Benoit 01/02/2009 14:29

Je pense qu'on sous-estime beaucoup l'apport proffessionnel qu'apporte une experienced e télémarketting. Etre traité comme un emachine et arriver à le supporter et faire son boulot correctement, c'est pas donné à tout le monde et ça vaut bien un master inutile en droit...

Brune 01/02/2009 18:28


Le télémarketing c'est un peu comme avoir un diplome de nerfs en acier trempé non négligeable dans d'autres domaines.


pau 27/01/2009 15:01

Hello Brune ! suis une visiteuse occasionnelle du blog de ton homme, et je tenais à te dire que je suis très fan du tien. C'est drôle, bien écrit, et ça rappelle à quel point nous les jeunes on est tous dans la même mouise jusqu'à ce qu'un jour un employeur sous Prozac se rappelle qu'on a aussi un cerveau. Bonne continuation !

Brune 28/01/2009 09:23


Je te remercie Pau :)!

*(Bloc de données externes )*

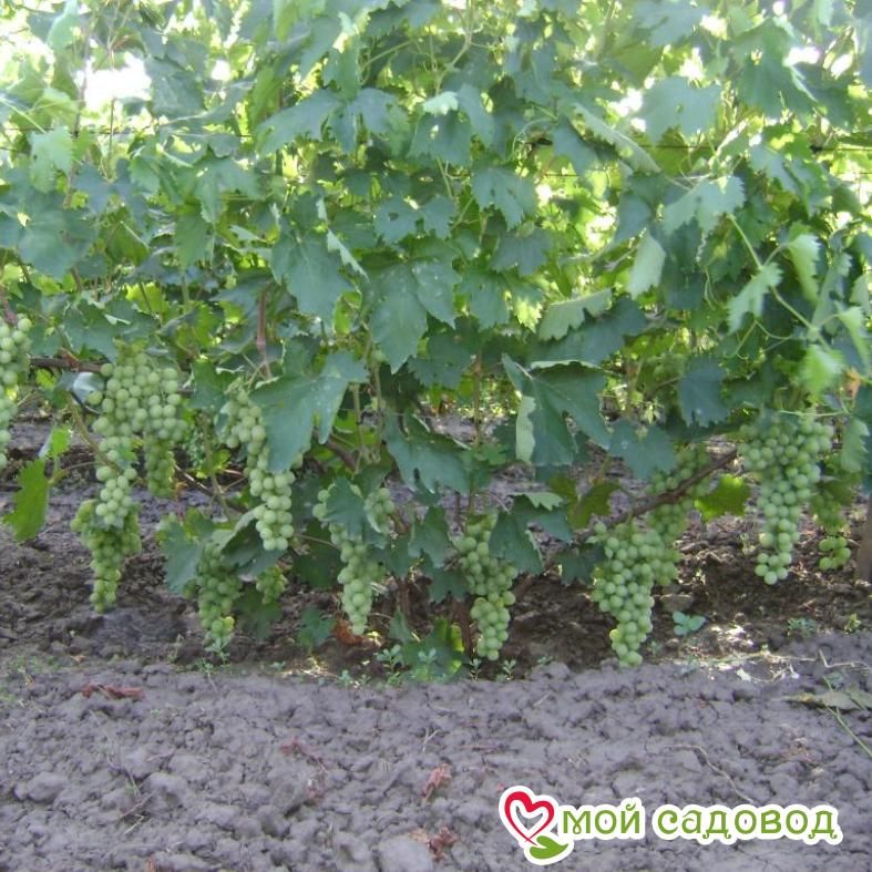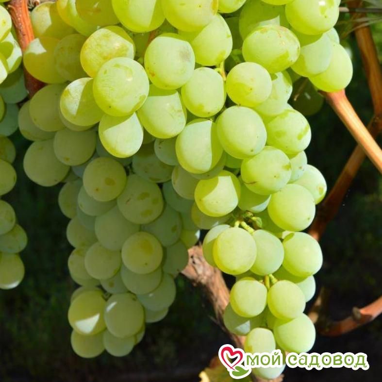 Виноград Антоний Великий – гибридный сорт, созревающий за 130 дней. Благодаря сильным кустам, грозди очень плодородные. Ягоды большие, янтарно-зеленого цвета округлой формы. Структура ягоды плотная, мясистая. Вкус – насыщенный, с нотками муската. Магазин Мой Садовод, рекомендации по уходу Уход за виноградом сводится к регулярным поливам в сухую погоду, подкормкам и формированию куста. Для подкормки используют минеральные и органические удобрения (перепревший навоз, компост). Ранней весной кусты виноград поливают полным минеральным удобрением, растворенным в воде, перед цветением такую подкормку повторяют. Перед созреванием вносят фосфорно-калийные удобрения, а после сбора урожая проводят подкормку калием для повышения зимостойкости растений. Кроме того для лучшего вызревания лозы рекомендуется удаление пасынков и прищипывание верхушек в начале сентября. Формирование куста Винограда. Для формирования виноградных кустов необходимо установить надежную опору. Самая простая представляет собой два столба с несколькими рядами проволоки между ними. По мере роста побеги подвязывают к проволоке, задавая им нужное направление. Формирование куста винограда начинают с первого года, оставляя не более двух здоровых побегов у основания, остальные выламывают. На второй год на кусте оставляют по три почки на каждом побеге, на третий год на каждом плече оставляют 2-3 сильных побега, остальные удаляют. Пожалуйста, помните, что транспортировка и пересадка — стресс для растения. Перед высадкой в открытый грунт обработайте корневую систему стимулятором роста. С заботой о растениях, Мой Садовод. Вы можете купить саженцы винограда Антоний Великий в нашем интернет магазине недорого с доставкой на дом. Так же вас возможно заинтересуют другие сорта столового винограда: виноград кодрянка и виноград лора. Если есть вопросы звоните. В нашем интернет-магазине вы сможете купить Столовые сорта Так же возможно вас заинтересуют Виноград Новочеркасский красный и Виноград Юлиан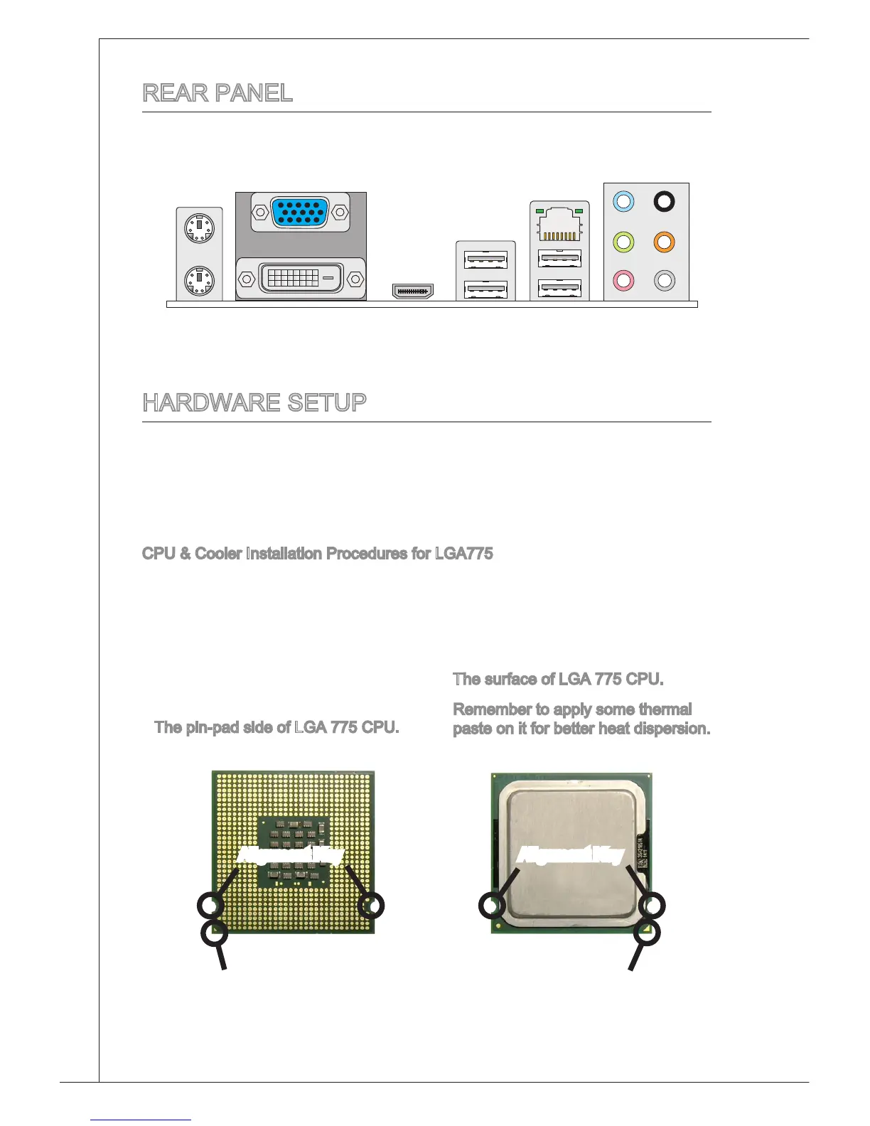 MSI G4M-e43 - CPU & Cooler Installation; Hardware Setup; Rear Panel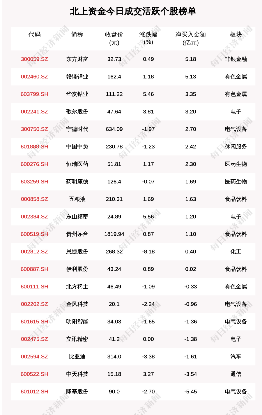 11月5日,北上资金成交活跃个股榜单中,净买入个股共13只,金额最多的是东方财富(300059.SZ,收盘价:32.73元),净买入5.178亿元;净卖出个股共7只,金额最多的是隆基股份(601012.SH,收盘价:90.0元),净卖出5.450亿元。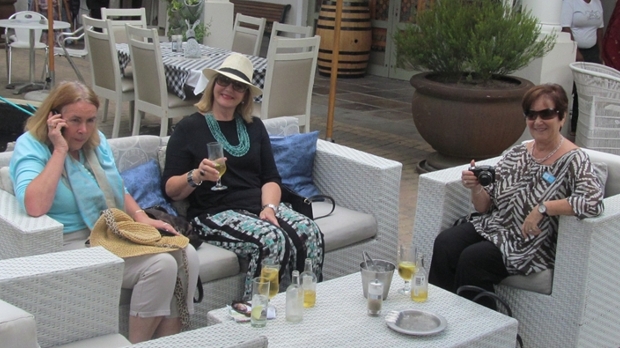 It was SALE time in Franschhoek and the sale boards were everywhere – the ladies seemed to quietly find exactly what they needed and wanted, and arrived at the Allora Restaurant in the Franschhoek Square with plenty of parcels.

Il paraît qu'il y a des employeurs qui sont séduit par les jeunes débrouillards... il paraît. Pour l'instant ils ne voient juste qu'un cv
incohérent! Alors vive le Prozac!


Petite Audrey 26/01/2009 21:32

Le pire c'est quand le téléphone sonne le soir quand tu es rentrée chez toi et que tu réponds "allo bonjour, société Flop". La honte.

Brune 27/01/2009 10:56


C'était bien le cas... enfin lorsque je décrochais le téléphone, car aprés des heures d'appels c'est la dernière chose que tu as envie de faire!